## DATA LISTING
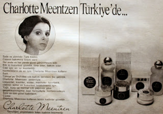 Charlotte Meentzen Türkiye'de... Sade ve alımlıdır Türk kadını Cildinin bakımına önem verir. Her anda ve her yerde güzel görünmesini bilir. Bilir ki kusursuz güzellik itina ister, bakım ister. Cildi için en iyi kozmetiği. Kozmetiklerin de en iyisi Charlotte Meentzen kullanır. Evet... Türkiye'ye orchidee cilt bakım servisini biz getirdik, charlotte meentzen patentiyle... Losyonlar, kremler, sütler, maskeler hazırladık. Cildinizi temiz ve kusursuz tutabilmek için. Yağlı, kuru ve normal cilt yapınıza göre gerçekleştirdiğimiz özel formüllerle hizmetinizdeyiz. Sizin ve tüm güzel kadınların... Çünkü Charlotte Meentzen kullanan bütün kadınlar güzeldir... Charlotte Meentzen Gençliğini yaşatmasını bilen kadının kozmetiği. (1975) |
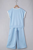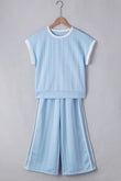 Elevate your wardrobe with our Textured Contrast Edge Top and High Waist Pants Set! Made with a unique textured design and contrasting edges, this set adds a touch of sophistication to any look. Plus, the high waist pants provide a comfortable and flattering fit. Upgrade your style game now!
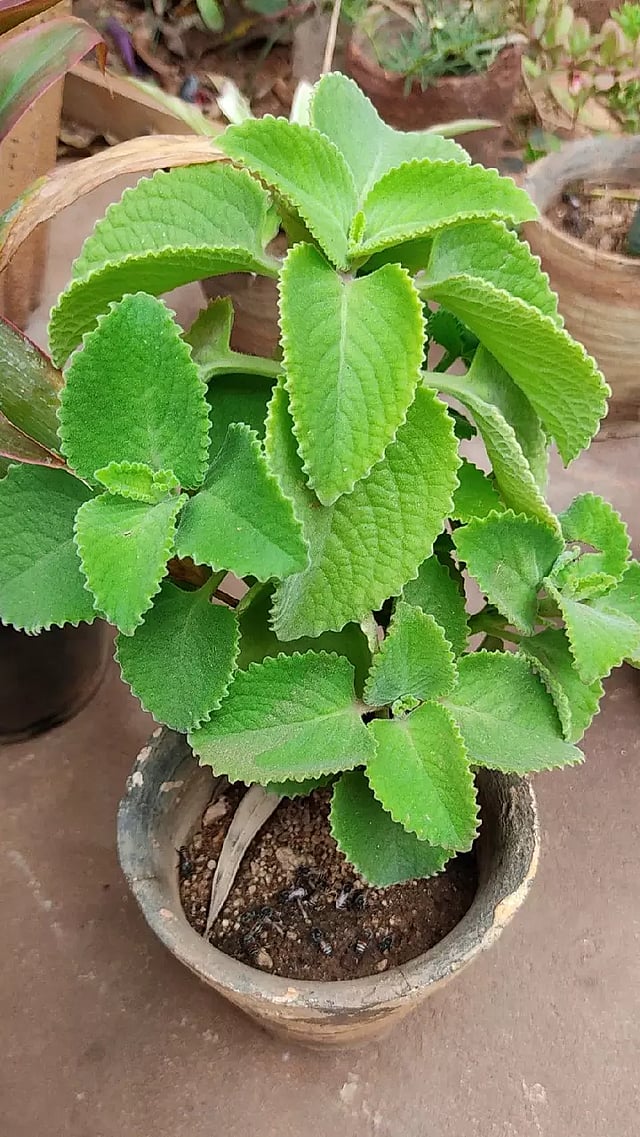 கற்பூரம் மற்றும் ஓம நறுமணம் உள்ள இந்தச் செடியின் இலைகள் நீர்ச்சத்து நிறைந்து தடித்து இருக்கும்.
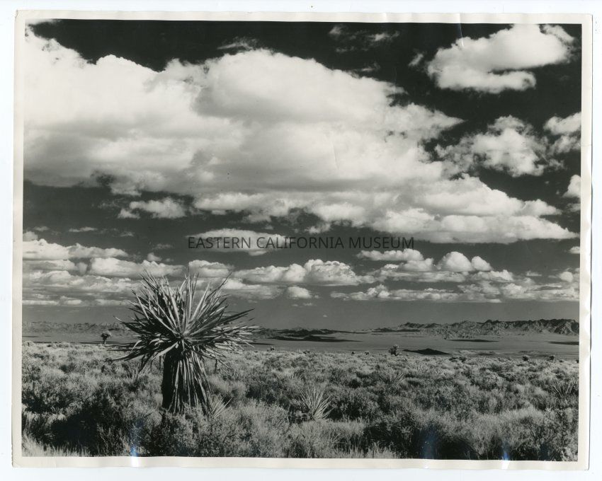 Label on reverse: Yucca mohavensis, view across Mojave desert near Providence Mountains.
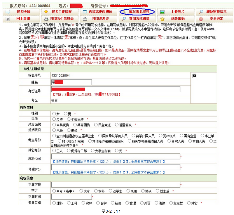 點(diǎn)擊圖3-1中‘報(bào)名資料填寫’按鈕會(huì)顯示如圖3-2頁面,考生填寫相應(yīng)的信息,帶有‘*’字樣的為必填項(xiàng),填寫完畢后點(diǎn)擊‘提交數(shù)據(jù)’即可。
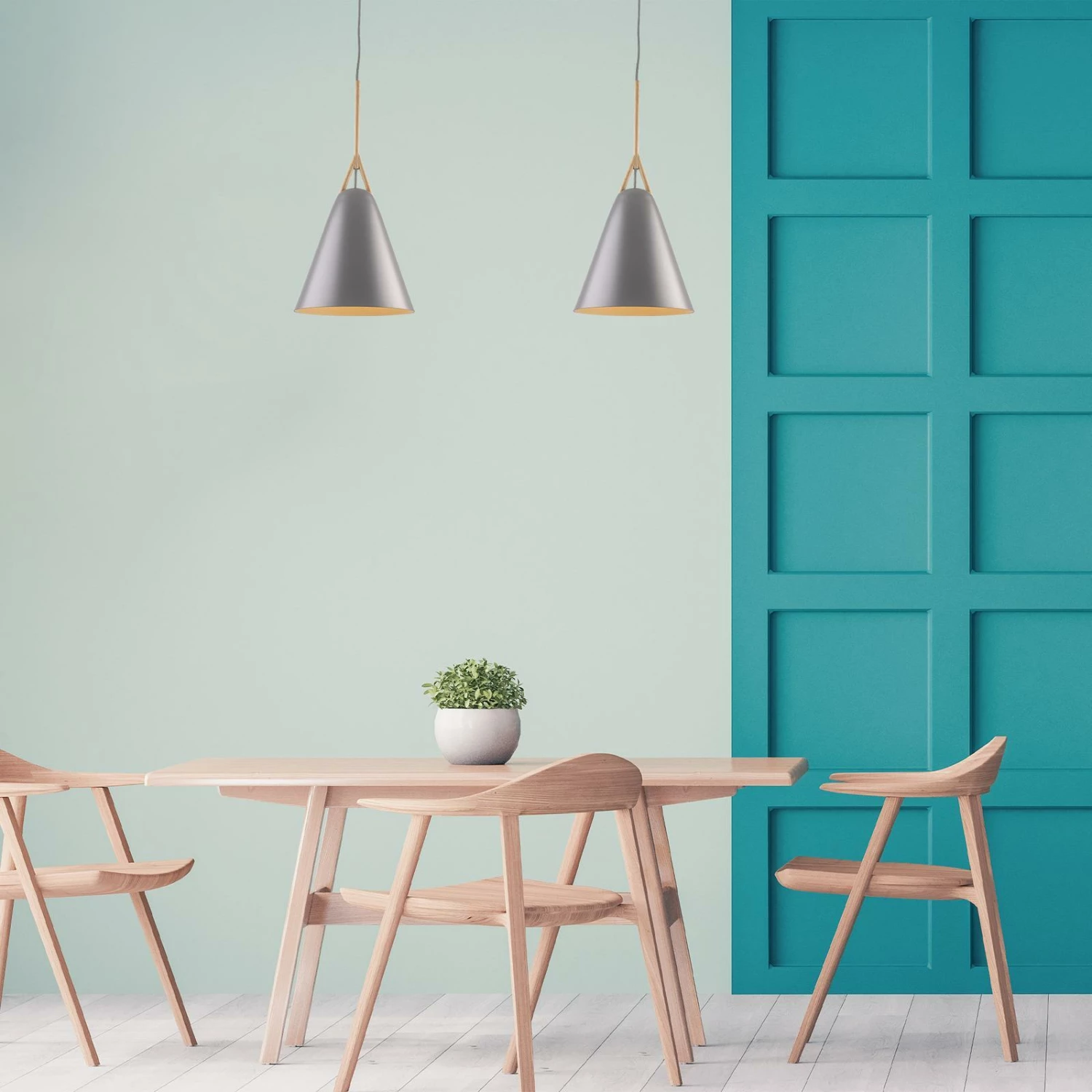 Scandinavian style inspired Byron is a matt grey, wood-look top pendant, which can tie beautifully into a contemporary kitchen setting.

## THE TASK
What you need to retype is every line from the one that has "點(diǎn)擊圖3-1中‘" through the last line of the listing, both included, with the pictures left out.

## OUTPUT OF THE EXERCISE
 點(diǎn)擊圖3-1中‘報(bào)名資料填寫’按鈕會(huì)顯示如圖3-2頁面,考生填寫相應(yīng)的信息,帶有‘*’字樣的為必填項(xiàng),填寫完畢后點(diǎn)擊‘提交數(shù)據(jù)’即可。
 Scandinavian style inspired Byron is a matt grey, wood-look top pendant, which can tie beautifully into a contemporary kitchen setting.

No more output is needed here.